%%
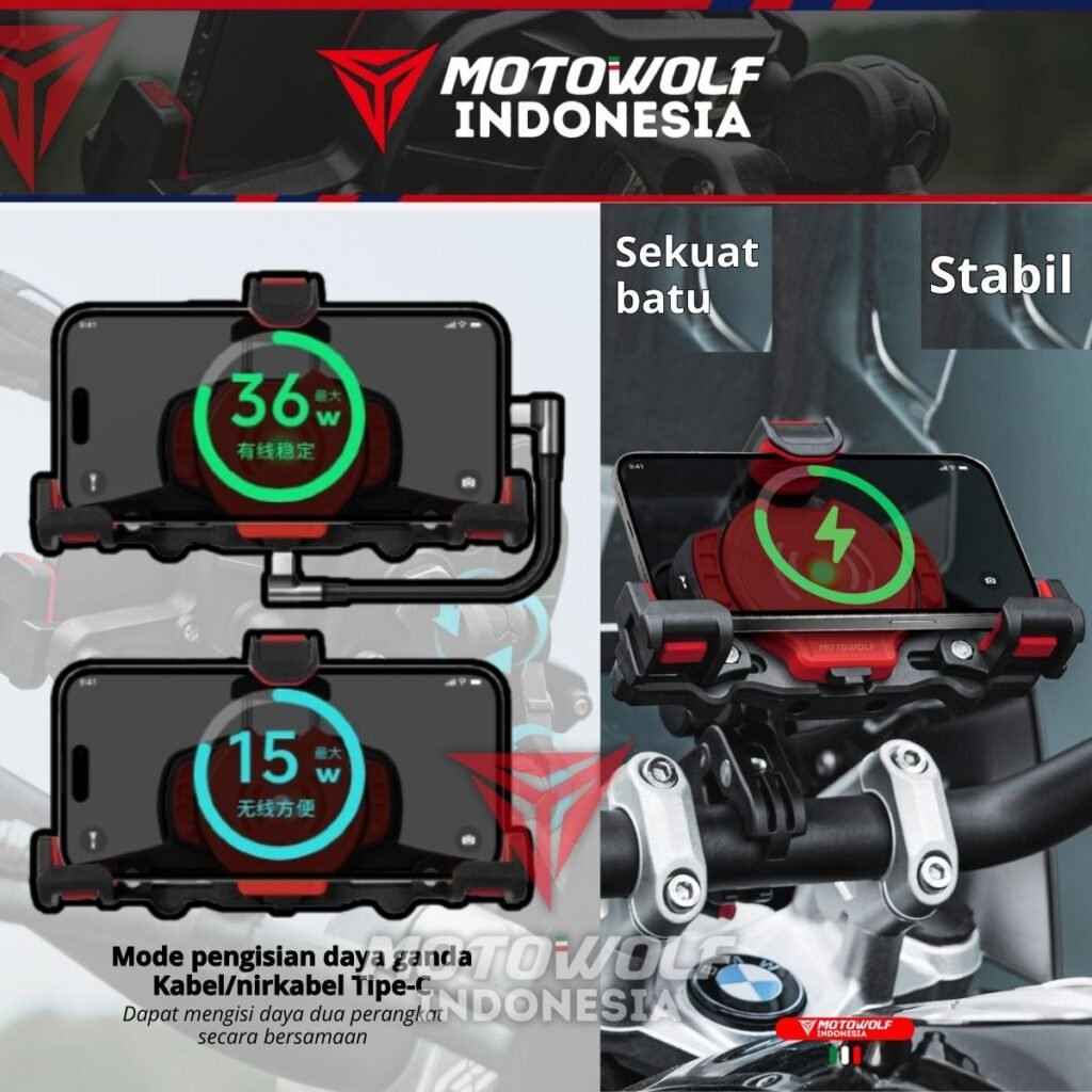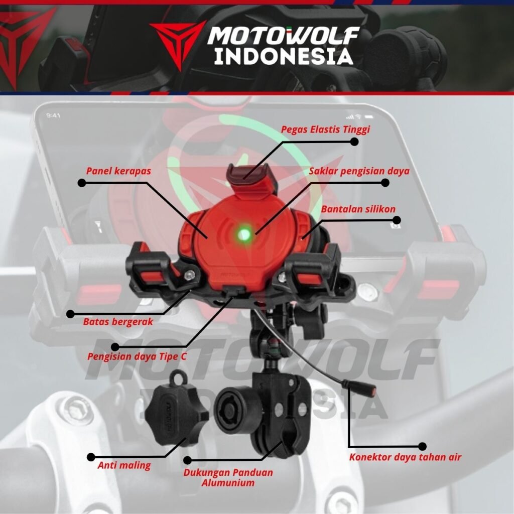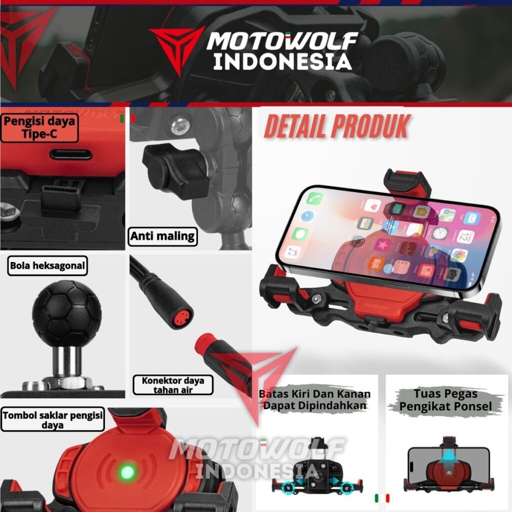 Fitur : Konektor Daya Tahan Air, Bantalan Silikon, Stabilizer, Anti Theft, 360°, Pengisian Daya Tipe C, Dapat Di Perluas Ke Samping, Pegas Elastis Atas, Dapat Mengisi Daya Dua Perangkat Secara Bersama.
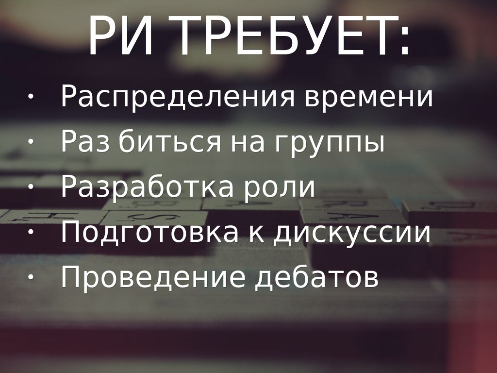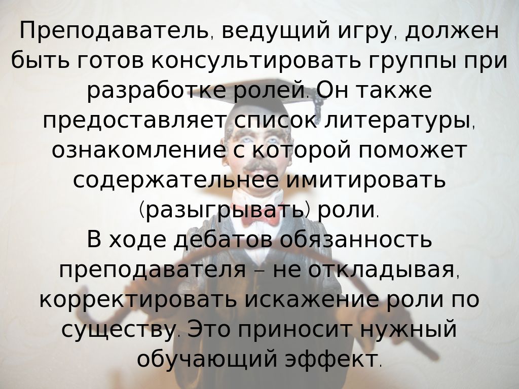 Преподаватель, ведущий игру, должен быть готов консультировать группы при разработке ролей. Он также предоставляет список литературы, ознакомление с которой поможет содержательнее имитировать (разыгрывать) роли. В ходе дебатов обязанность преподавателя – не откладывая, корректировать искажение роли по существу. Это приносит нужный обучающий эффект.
%%
%%
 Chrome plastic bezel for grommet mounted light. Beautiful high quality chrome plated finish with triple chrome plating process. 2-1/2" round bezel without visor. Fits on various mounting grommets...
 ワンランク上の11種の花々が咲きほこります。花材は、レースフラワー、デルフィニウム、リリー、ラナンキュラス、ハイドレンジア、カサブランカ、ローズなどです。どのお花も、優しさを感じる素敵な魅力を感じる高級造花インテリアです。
%%
Write out exactly the lines above between the one with "Fitur : Konektor" and the one with "Преподаватель, ведущий игру, должен", inclusive, with pictures left out.

 Fitur : Konektor Daya Tahan Air, Bantalan Silikon, Stabilizer, Anti Theft, 360°, Pengisian Daya Tipe C, Dapat Di Perluas Ke Samping, Pegas Elastis Atas, Dapat Mengisi Daya Dua Perangkat Secara Bersama.
 Преподаватель, ведущий игру, должен быть готов консультировать группы при разработке ролей. Он также предоставляет список литературы, ознакомление с которой поможет содержательнее имитировать (разыгрывать) роли. В ходе дебатов обязанность преподавателя – не откладывая, корректировать искажение роли по существу. Это приносит нужный обучающий эффект.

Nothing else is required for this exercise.